Correspondance de Voltaire/1761/Lettre 4523

Correspondance : année 1761
Garnier (Œuvres complètes de Voltaire, tome 41p. 266-267).

4523. — À M. LE COMTE D’ARGENTAL.
Ferney, 11 avril.

Personne au monde n’a jamais adressé plus de prières que moi à ses anges gardiens. Ce Tancrède est, dit-on, rejoué et reçu avec quelque indulgence, comme une pièce à laquelle vos bons avis ont ôté quelques défauts, et on pardonne à ceux qui restent ; mais je ne reçois ni l’exemplaire de Tancrède ni celui de l’Apologie[1] de mes maîtres contre les Anglais. Vous m’avouerez, mes anges, que cela n’est pas juste. Souffrez que je recommande encore Oreste à vos bontés : voyez si ces petits changements que je vous envoie sont admissibles.

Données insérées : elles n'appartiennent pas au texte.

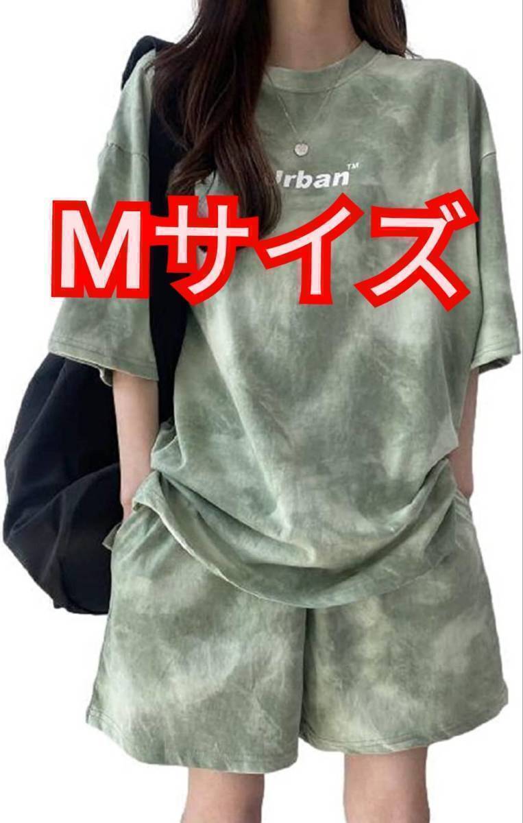 - 送料無料 Tシャツ 短パン 2点上下 セット Mサイズ グリーン 1/2style アップ ルーム ウェア レディース 新品 未使用 上下セット

J’ai une autre supplique à présenter : le petit Prault, qui ne m’a pas envoyé un Tancrède, n’a pas mieux traité Mme de Pompadour et M. le duc de Choiseul, malgré toutes ses promesses. Je soupçonne qu’ils n’en sont pas trop contents, et qu’ils croient que j’ai manqué à mon devoir. Ils ne peuvent savoir que je ne me suis pas mêlé de l’édition. Il eût été assez placé que Lekain ou Mlle Clairon eût présenté l’ouvrage. Tout le fruit que j’ai recueilli de mes peines aura été, peut-être, de déplaire à ceux dont je voulais mériter la bienveillance, et d’être immolé à une parodie : tout cela est l’état du métier. Ne vaut-il pas mieux planter, semer, et bâtir ?

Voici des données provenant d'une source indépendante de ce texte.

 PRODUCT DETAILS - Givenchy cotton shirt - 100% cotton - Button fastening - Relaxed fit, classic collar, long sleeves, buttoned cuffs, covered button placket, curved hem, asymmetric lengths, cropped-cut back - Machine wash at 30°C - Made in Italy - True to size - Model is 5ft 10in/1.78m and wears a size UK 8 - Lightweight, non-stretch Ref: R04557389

J’ai écrit en dernier lieu à M. le duc de Choiseul une lettre[2] dont il a dû être content. Je crois bien que le fardeau immense[3] dont il est chargé ne lui permet pas de faire réponse à des gens aussi inutiles que moi ; il y avait pourtant dans ma lettre quelque chose d’utile. Enfin je demande en grâce à M. d’Argcntal de m’apprendre si je suis en grâce auprès de son ami.

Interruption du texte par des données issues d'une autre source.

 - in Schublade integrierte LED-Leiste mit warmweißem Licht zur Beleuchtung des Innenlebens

Malgré les petits désagréments que j’essuie sur Tancrède, j’ai toujours du goût pour Oreste. Ce serait une action digne de mes anges de faire enfin triompher la simplicité de Sophocle des cabales des soldats de Corbulon[4].

Mille tendres respects.

  1. Appel à toutes les nations de l’Europe ; voyez tome XXIV, page 191.
  2. Elle manque. (B.)
  3. Le ministère des affaires étrangères et celui de la guerre, qu’il réunissait.
  4. Voyez la note, tome XXXVII, page 406.